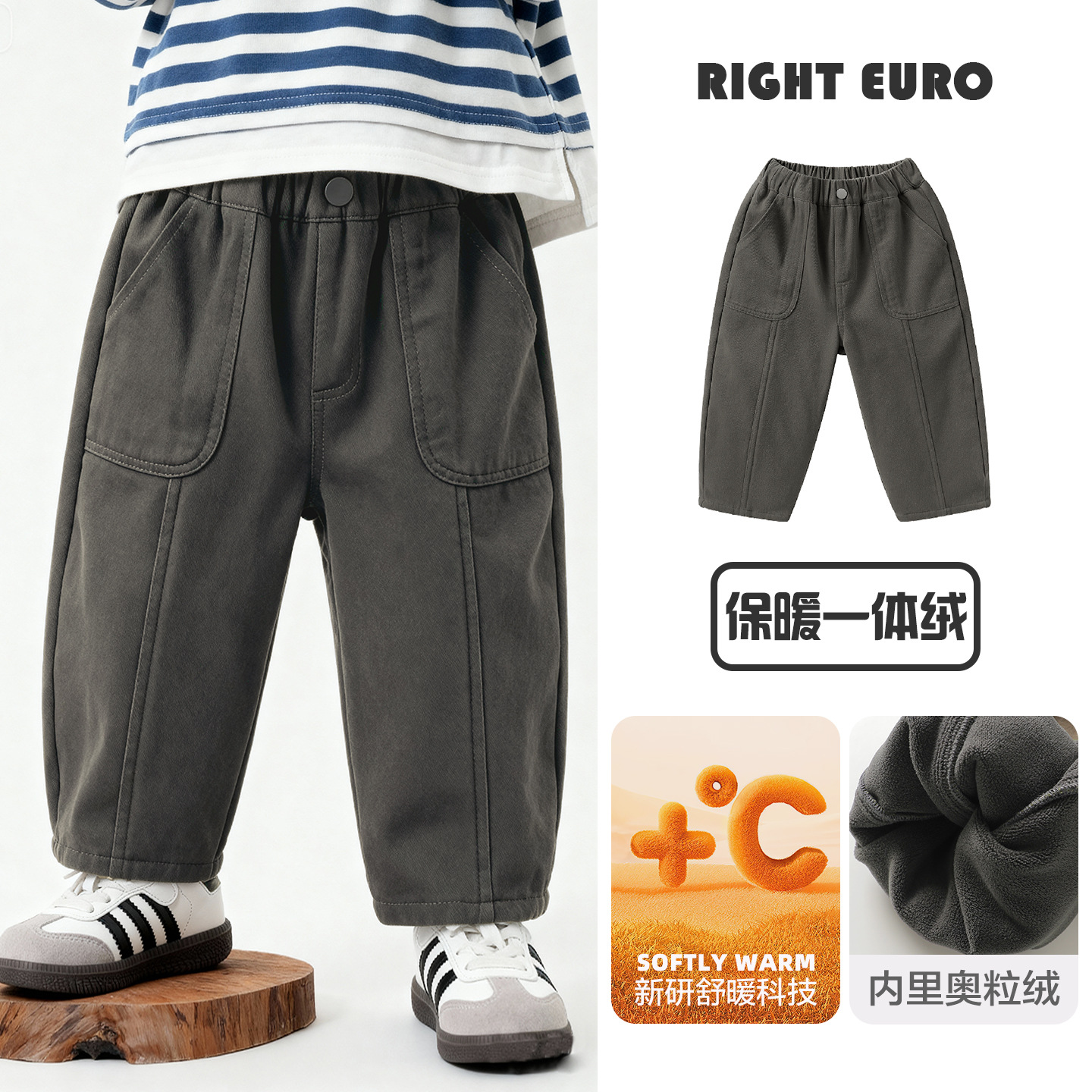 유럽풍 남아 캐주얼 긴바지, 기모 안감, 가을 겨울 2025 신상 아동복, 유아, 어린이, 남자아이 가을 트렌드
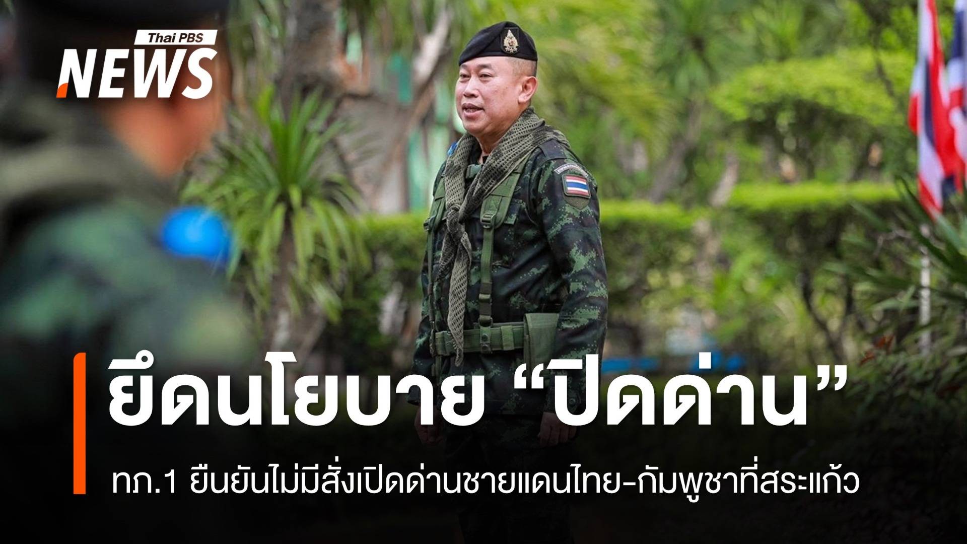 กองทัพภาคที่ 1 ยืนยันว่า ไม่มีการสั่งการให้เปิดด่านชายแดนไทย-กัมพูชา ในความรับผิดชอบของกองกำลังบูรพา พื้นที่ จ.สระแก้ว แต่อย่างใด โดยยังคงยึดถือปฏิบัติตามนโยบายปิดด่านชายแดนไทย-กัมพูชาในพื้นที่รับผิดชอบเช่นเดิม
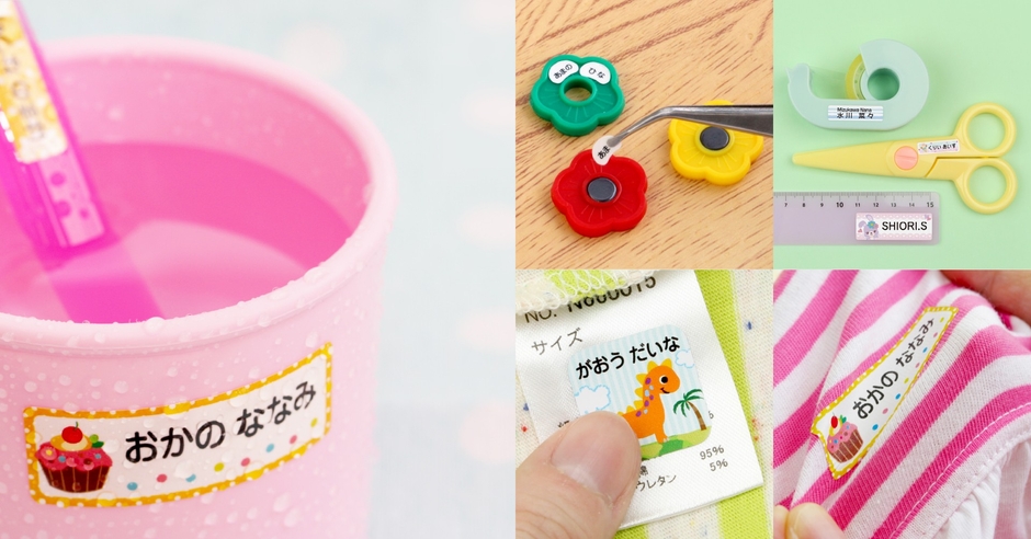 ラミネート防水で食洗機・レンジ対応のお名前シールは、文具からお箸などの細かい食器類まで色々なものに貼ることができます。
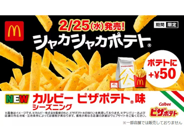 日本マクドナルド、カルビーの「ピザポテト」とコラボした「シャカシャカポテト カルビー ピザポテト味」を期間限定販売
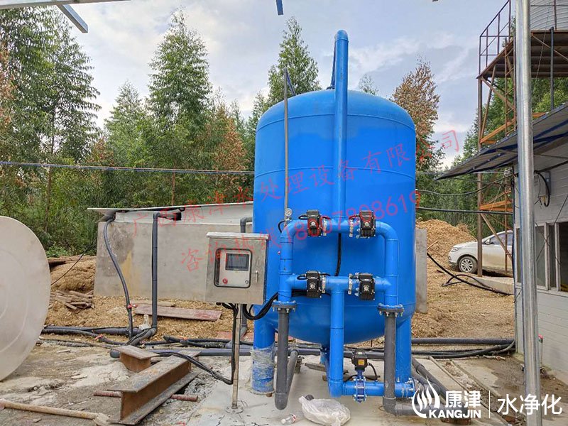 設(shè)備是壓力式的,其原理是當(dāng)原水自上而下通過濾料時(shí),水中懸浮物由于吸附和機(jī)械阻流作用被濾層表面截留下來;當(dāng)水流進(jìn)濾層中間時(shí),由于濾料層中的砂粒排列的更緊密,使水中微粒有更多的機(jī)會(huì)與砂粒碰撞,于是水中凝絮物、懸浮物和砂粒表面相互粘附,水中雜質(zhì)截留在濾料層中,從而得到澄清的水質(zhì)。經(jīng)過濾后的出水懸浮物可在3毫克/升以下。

## [Exercise prompt]
Can you quote exactly, and only, the lines from the one containing "日本マクドナルド、カルビーの「ピザポテト」とコラボした「シャカシャカポテト カルビー ピザポテト味」を期間限定販売" through the last line of the records above, keeping both ends and leaving out any pictures?

## [Answer for the task]
 日本マクドナルド、カルビーの「ピザポテト」とコラボした「シャカシャカポテト カルビー ピザポテト味」を期間限定販売
 設(shè)備是壓力式的,其原理是當(dāng)原水自上而下通過濾料時(shí),水中懸浮物由于吸附和機(jī)械阻流作用被濾層表面截留下來;當(dāng)水流進(jìn)濾層中間時(shí),由于濾料層中的砂粒排列的更緊密,使水中微粒有更多的機(jī)會(huì)與砂粒碰撞,于是水中凝絮物、懸浮物和砂粒表面相互粘附,水中雜質(zhì)截留在濾料層中,從而得到澄清的水質(zhì)。經(jīng)過濾后的出水懸浮物可在3毫克/升以下。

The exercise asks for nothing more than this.